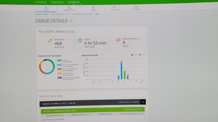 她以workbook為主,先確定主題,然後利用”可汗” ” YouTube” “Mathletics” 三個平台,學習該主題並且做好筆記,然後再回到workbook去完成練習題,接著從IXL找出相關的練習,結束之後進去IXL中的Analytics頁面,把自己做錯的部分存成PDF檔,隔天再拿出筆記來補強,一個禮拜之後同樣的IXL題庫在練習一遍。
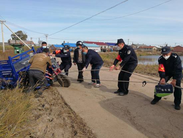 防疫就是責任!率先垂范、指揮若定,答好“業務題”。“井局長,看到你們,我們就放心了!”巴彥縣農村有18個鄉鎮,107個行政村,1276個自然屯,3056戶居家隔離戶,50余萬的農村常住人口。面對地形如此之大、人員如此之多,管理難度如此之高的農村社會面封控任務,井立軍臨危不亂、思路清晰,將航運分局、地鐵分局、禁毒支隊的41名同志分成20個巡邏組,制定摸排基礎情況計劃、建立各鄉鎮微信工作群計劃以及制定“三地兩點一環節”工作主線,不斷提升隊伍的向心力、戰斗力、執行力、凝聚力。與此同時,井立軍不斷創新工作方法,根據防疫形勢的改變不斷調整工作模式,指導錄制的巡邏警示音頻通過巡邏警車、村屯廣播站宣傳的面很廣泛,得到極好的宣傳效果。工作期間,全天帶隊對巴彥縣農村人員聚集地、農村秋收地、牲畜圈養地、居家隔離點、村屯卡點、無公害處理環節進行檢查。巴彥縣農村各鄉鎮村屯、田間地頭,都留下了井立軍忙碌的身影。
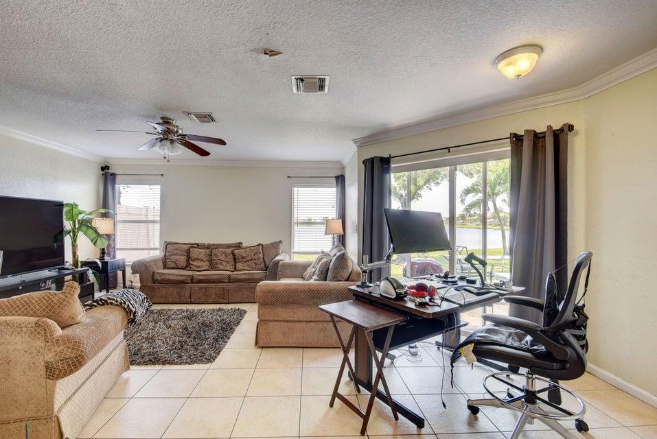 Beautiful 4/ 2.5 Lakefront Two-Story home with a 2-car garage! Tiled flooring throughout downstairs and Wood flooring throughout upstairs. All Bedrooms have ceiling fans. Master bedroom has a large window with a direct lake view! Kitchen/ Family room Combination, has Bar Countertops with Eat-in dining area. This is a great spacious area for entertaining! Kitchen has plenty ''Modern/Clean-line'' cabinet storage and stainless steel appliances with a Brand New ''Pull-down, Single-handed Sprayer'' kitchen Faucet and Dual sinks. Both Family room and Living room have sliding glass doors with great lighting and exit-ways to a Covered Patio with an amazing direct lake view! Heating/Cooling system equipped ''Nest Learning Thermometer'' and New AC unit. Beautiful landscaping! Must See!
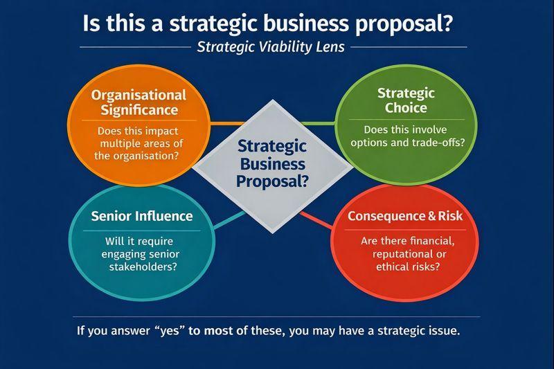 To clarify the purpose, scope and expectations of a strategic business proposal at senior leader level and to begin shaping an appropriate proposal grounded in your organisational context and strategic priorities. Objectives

* * *

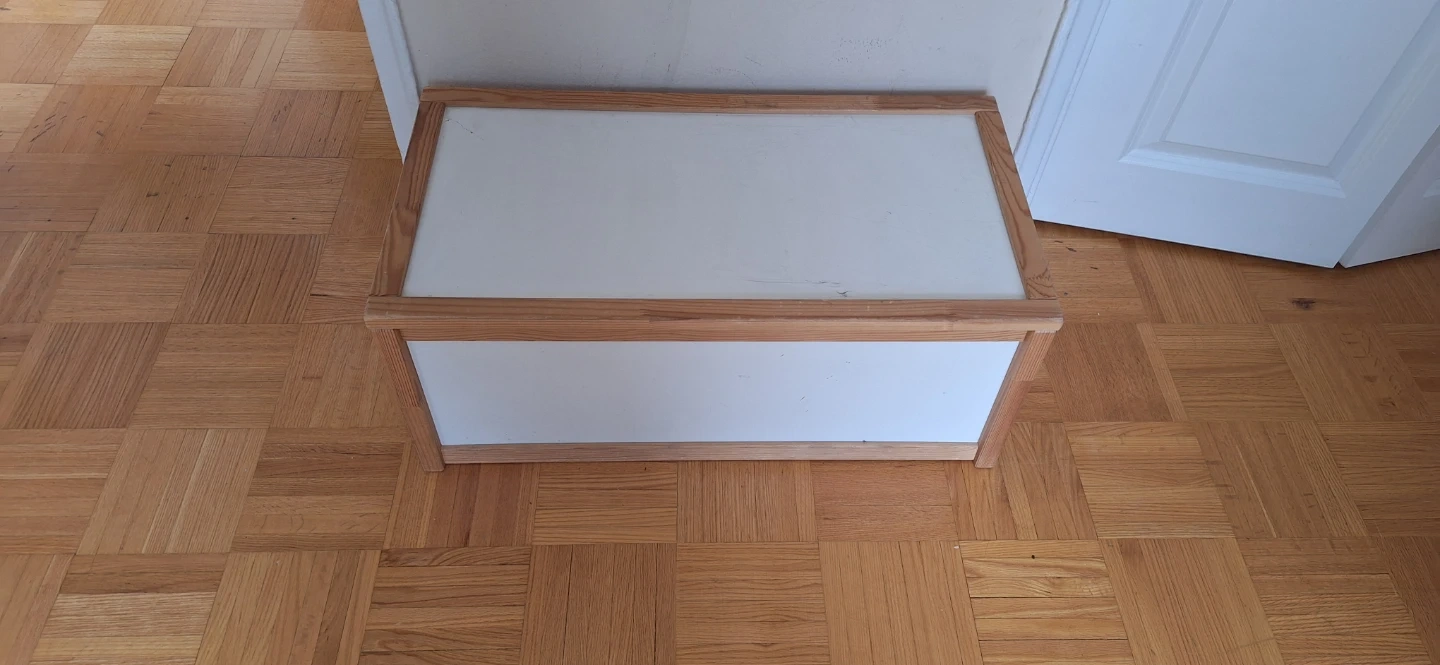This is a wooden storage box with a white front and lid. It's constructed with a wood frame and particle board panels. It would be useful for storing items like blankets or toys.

* * *

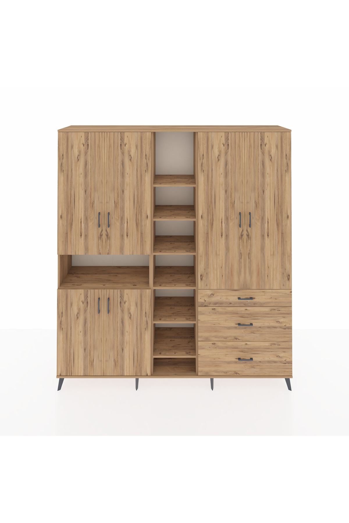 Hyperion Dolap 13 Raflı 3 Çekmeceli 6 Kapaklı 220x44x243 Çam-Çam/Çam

**Task statement**. What you write out is the stretch of entries from the line containing "防疫就是責任!率先垂范、指揮" to the line containing "To clarify the", word for word, with both end lines and no pictures.

**Exercise output**.
 防疫就是責任!率先垂范、指揮若定,答好“業務題”。“井局長,看到你們,我們就放心了!”巴彥縣農村有18個鄉鎮,107個行政村,1276個自然屯,3056戶居家隔離戶,50余萬的農村常住人口。面對地形如此之大、人員如此之多,管理難度如此之高的農村社會面封控任務,井立軍臨危不亂、思路清晰,將航運分局、地鐵分局、禁毒支隊的41名同志分成20個巡邏組,制定摸排基礎情況計劃、建立各鄉鎮微信工作群計劃以及制定“三地兩點一環節”工作主線,不斷提升隊伍的向心力、戰斗力、執行力、凝聚力。與此同時,井立軍不斷創新工作方法,根據防疫形勢的改變不斷調整工作模式,指導錄制的巡邏警示音頻通過巡邏警車、村屯廣播站宣傳的面很廣泛,得到極好的宣傳效果。工作期間,全天帶隊對巴彥縣農村人員聚集地、農村秋收地、牲畜圈養地、居家隔離點、村屯卡點、無公害處理環節進行檢查。巴彥縣農村各鄉鎮村屯、田間地頭,都留下了井立軍忙碌的身影。
 Beautiful 4/ 2.5 Lakefront Two-Story home with a 2-car garage! Tiled flooring throughout downstairs and Wood flooring throughout upstairs. All Bedrooms have ceiling fans. Master bedroom has a large window with a direct lake view! Kitchen/ Family room Combination, has Bar Countertops with Eat-in dining area. This is a great spacious area for entertaining! Kitchen has plenty ''Modern/Clean-line'' cabinet storage and stainless steel appliances with a Brand New ''Pull-down, Single-handed Sprayer'' kitchen Faucet and Dual sinks. Both Family room and Living room have sliding glass doors with great lighting and exit-ways to a Covered Patio with an amazing direct lake view! Heating/Cooling system equipped ''Nest Learning Thermometer'' and New AC unit. Beautiful landscaping! Must See!
 To clarify the purpose, scope and expectations of a strategic business proposal at senior leader level and to begin shaping an appropriate proposal grounded in your organisational context and strategic priorities. Objectives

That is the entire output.